Machine learning models compared with current clinical indices to predict the outcome of high flow nasal cannula therapy in acute hypoxemic respiratory failure

Affiliations

Machine learning models compared with current clinical indices to predict the outcome of high flow nasal cannula therapy in acute hypoxemic respiratory failure

Hang Yu et al. Crit Care. .

Abstract

Background: Early identification of patients with acute hypoxemic respiratory failure (AHRF) who are at risk of failing high-flow nasal cannula (HFNC) therapy could facilitate closer monitoring, and timely adjustment/escalation of treatment. We aimed to establish whether machine learning (ML) models could predict HFNC outcome, early in the course of treatment, with greater accuracy than currently used clinical indices.

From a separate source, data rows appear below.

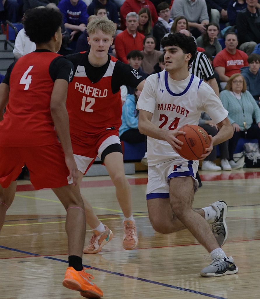 Hadi Dergham scored seven of his game-high 23 points in the third quarter when Fairport, No. 15 NYSSWA Class AAA, pulled away from a single-digit game. Dergham connected twice from the floor including once from behind the 3-point and converted 2-of-4 free throw attempts as the Red Raiders used a 26-8 advantage to take a 27-point lead into the final eight minutes of action. Teammate Sam Roselli scored eight of his 17 points during the third. Gannon Culver and Alex Grejda added eight apiece in the win. Jon Roessel (6), Antonio Nurse (4), Noah Meabon (6), Ethan Torres (2), Jeremiah Crocker (1) and Matt Swan (2) also contributed to the scoring for Fairport. Alex Bartnicki and Chris Unger both scored 10 points to lead Schroeder. Kalin Watkins Jr. added eight for the Warriors. Andrew Lozovatskiy had seven points. Luke Rogers (2), Eli Stockmaster (2), Matt Carey (6), Sam Nick (6) and AJ Amico (6) also scored for Schroeder.
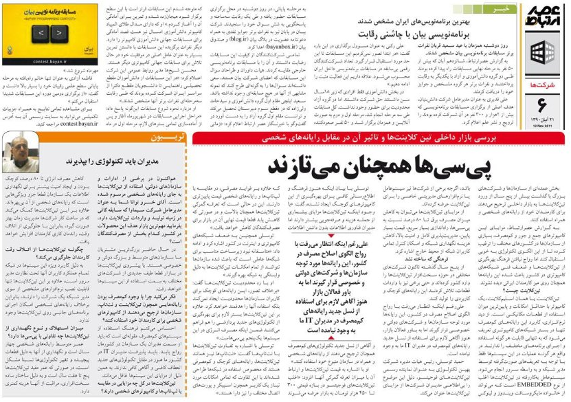 (هفته نامه عصر ارتباط - 21 آبان 1390 - شماره 431 - صفحه 6)
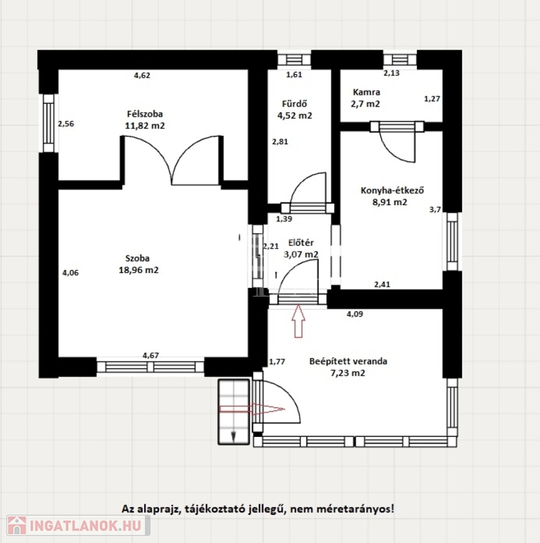 - 7,23 m² beépített veranda- gardrób,

Methods: We developed ML models trained using measurements made within the first 2 h of treatment from 184 AHRF patients (37% HFNC failures) treated at the respiratory ICU of the University Hospital of Modena between 2018 and 2023. For external validation, we used a dataset on 567 AHRF patients (22% failures) comprising 510 patients from the recent RENOVATE trial in Brazil and 57 from the MIMIC-IV and eICU databases in the US. Predictive performance of the ML models was benchmarked against optimized thresholds of the following clinical indices: respiratory rate oxygenation index (ROX) and variants, heart rate to saturation of pulse oxygen (SpO2) ratio, SpO2/FiO2 ratio, PaO2/FiO2 ratio, sequential organ failure assessment and heart rate, acidosis, consciousness, oxygenation and respiratory rate scores.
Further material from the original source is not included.